In March 1995, en route to a meeting in Pisa for a deservedly forgotten EU Project called Memoria, I met up with Guy in Florence. My visit report of the time remarks: “I went to Florence, partly for touristic reasons, but mainly to persuade my old friend Dr A to write the BNC Handbook for me, which I duly did over an excellent lunch in an obscure, but very crowded fiaschetteria. This was the sort of Italian eating establishment I like -- hams hanging from the ceiling, elbow-to-elbow diners all shouting at the top of their voices, small children misbehaving with indulgent grandparents, plates of food and bottles of chianti flying everywhere. ”

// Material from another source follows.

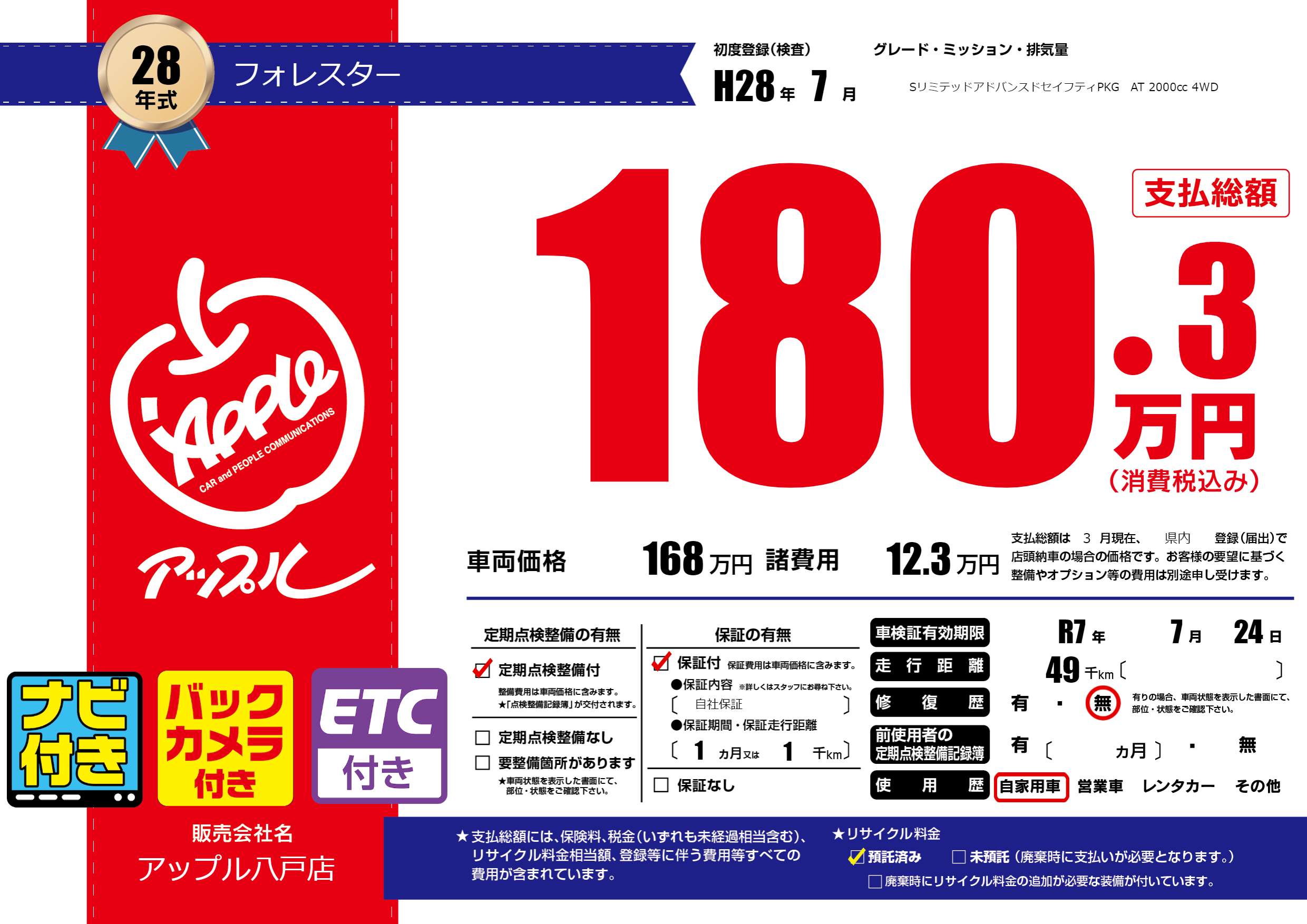 なし | 車検制限 | R7年7月24月 |

The proposition I put to Guy was to work with me on producing something better than the sort of computer manual which stays on the shelf. Over that excellent lunch we worked out a cunning plan. The book should consist of a series of carefully scripted tutorials, each one focussing on a different and linguistically-interesting question. The tutorials would show with precise instructions how to solve, or at least how to explore solutions for the stated problem using the Windows-based software we had developed at Oxford to search the BNC. (This was called SARA – for SGML Aware Retrieval Application – and entirely by coincidence my second daughter’s first name). My part was to help write introductory chapters explaining what the BNC was and what the software did, and also to test drive the tutorials as they took shape. Guy’s part was to produce the linguistically interesting questions, to explore how they might be addressed using SARA, and to consider other avenues of enquiry they opened up. Here’s a nice photo I found of him doing so.

I also persuaded Guy that we would produce our manuscript in the recently defined TEI SGML format, using descriptive rather than presentational markup, which added a satisfyingly geeky additional layer to the project. It also required me to find ways of generating nicely formatted pages from the SGML input, and required Guy to introduce meaningful SGML tagging into his pellucid prose, like this

For the next couple of years therefore, we grappled together with such classic conundrums as “Do Men Say Mauve”? And “When is ajar not a door?” . Reviewing the text today (you can still find a bootlegged copy of it online if you try hard enough) I am struck by the freshness of the pedagogic approach it takes and the way the reader is treated as a co-conspirator rather than a passive recipient of instruction. Of course, it is now a common orthodoxy to talk up exploratory teaching methods, but I don’t know of many instructional manuals from that period which do it so thoroughly. In this respect, the Handbook demonstrated clearly Guy’s pedagogic principles. Teacher and learner alike seek to achieve comity in a slightly unfamiliar, data-rich, curiously fascinating environment.

Somewhat to our surprise, the BNC Handbook (finally published by Edinburgh University Press in December 1997) sold rather well, at least, until new versions of both the BNC and its software appeared at the end of the 20th century, thus rendering the practical parts of the Handbook entirely useless. We did periodically consider that it might be nice to produce a new updated edition, but the pressure of other work and (let’s be honest) a lack of relish for retreading old material kept us from doing so. Even more improbably, the Handbook was translated into Japanese shortly after it became definitively outdated by events.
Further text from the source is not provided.